BRANDYNICOLE730 BRANDYNICOLE730 8 years
This situation was just on October Road last week. You should be forgiven because you did it with good intentions, not to make him cry. Sometimes, it is insulting for people to think that they can just simply replace your dog, because they are seen like members of te family. Kinda like if your sister moved across the country and brought you home a new friend to replace her with. Actually, it's worse than that, but I don't want to be too morbid.

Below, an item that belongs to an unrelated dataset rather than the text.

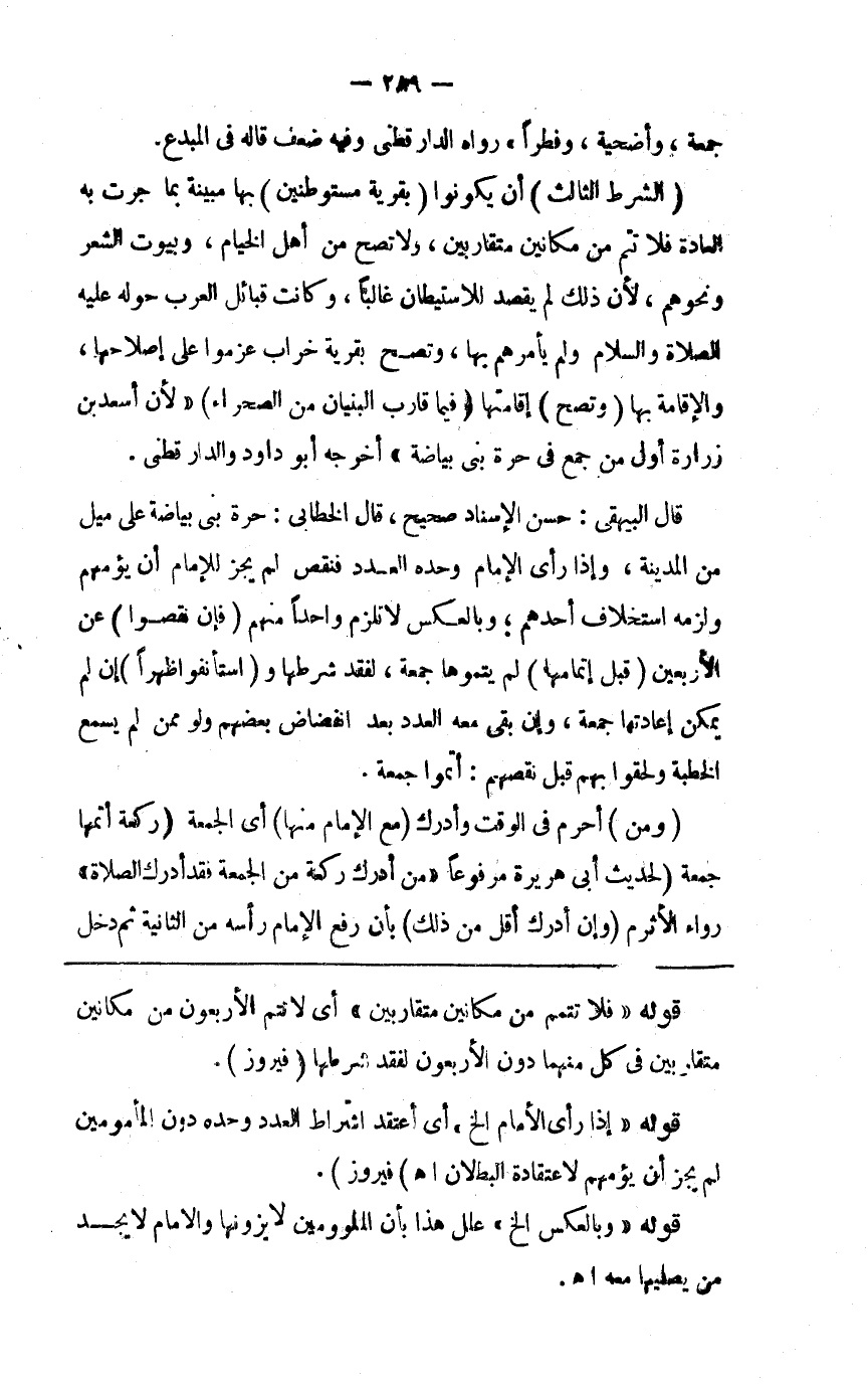 جمعة وأضحى وفطر رواه الدارقطني وفيه ضعف قاله في المبدع ( الشرط الثالث ) أن يكونوا ( بقرية مستوطنين ) بها مبنية بما جرت به العادة فلا تتم من مكانين متقاربين ولا تصح من أهل الخيام وبيوت الشعر ونحوهم لأن ذلك لم يقصد للاستيطان غالبا وكانت قبائل العرب حوله صلى الله عليه وسلم ولم يأمرهم بها وتصح بقرية خراب عزموا على إصلاحها والإقامة بها ( وتصح ) إقامتها ( فيما قارب البنيان من الصحراء ) لأن أسعد بن زرارة أول من جمع في حرة بني بياضة أخرجه أبو داود والدارقطني قال البيهقي حسن الإسناد صحيح قال الخطابي حرة بني بياضة على ميل من المدينة وإذا رأى الإمام وحده العدد فنقص لم يجز أن يؤمهم ولزمه استخلاف أحدهم وبالعكس لاتلزم واحدا منهم ( فإن نقصوا ) عن الأربعين ( قبل إتمامها ) لم يتموها جمعة لفقد شرطها و ( استأنفوا ظهرا ) إن لم تمكن إعادتها جمعة وإن بقي معه العدد بعد انفضاض بعضهم ولو ممن لم يسمع الخطبة ولحقوا بهم قبل نقصهم أتموا جمعة ( ومن ) أحرم في الوقت و ( أدرك مع الإمام منها ) أي من الجمعة ( ركعة أتمها جمعة ) لحديث أبي هريرة مرفوعا من أدرك ركعة من الجمعة فقد أدرك الصلاة رواه الأثرم ( وإن أدرك أقل من ذلك ) بأن رفع الإمام رأسه من الثانية ثم دخل

irisamelia irisamelia 8 years
As many agree--right intentions, bad idea. He should understand you were only trying to help. But it must be said that pets are one of the worst gifts to give someone for Christmas. (Though I'm sure the puppy must have been really, really cute.)
irisamelia irisamelia 8 years
As many agree--right intentions, bad idea. He should understand you were only trying to help.But it must be said that pets are one of the worst gifts to give someone for Christmas. (Though I'm sure the puppy must have been really, really cute.)
LuvLeoDiCaprio LuvLeoDiCaprio 8 years
I say forgive you had great intentions but like probably didn't know giving a pet is a bad idea. I think he slightly overreacted and should have seen that you were just trying to be thoughtful.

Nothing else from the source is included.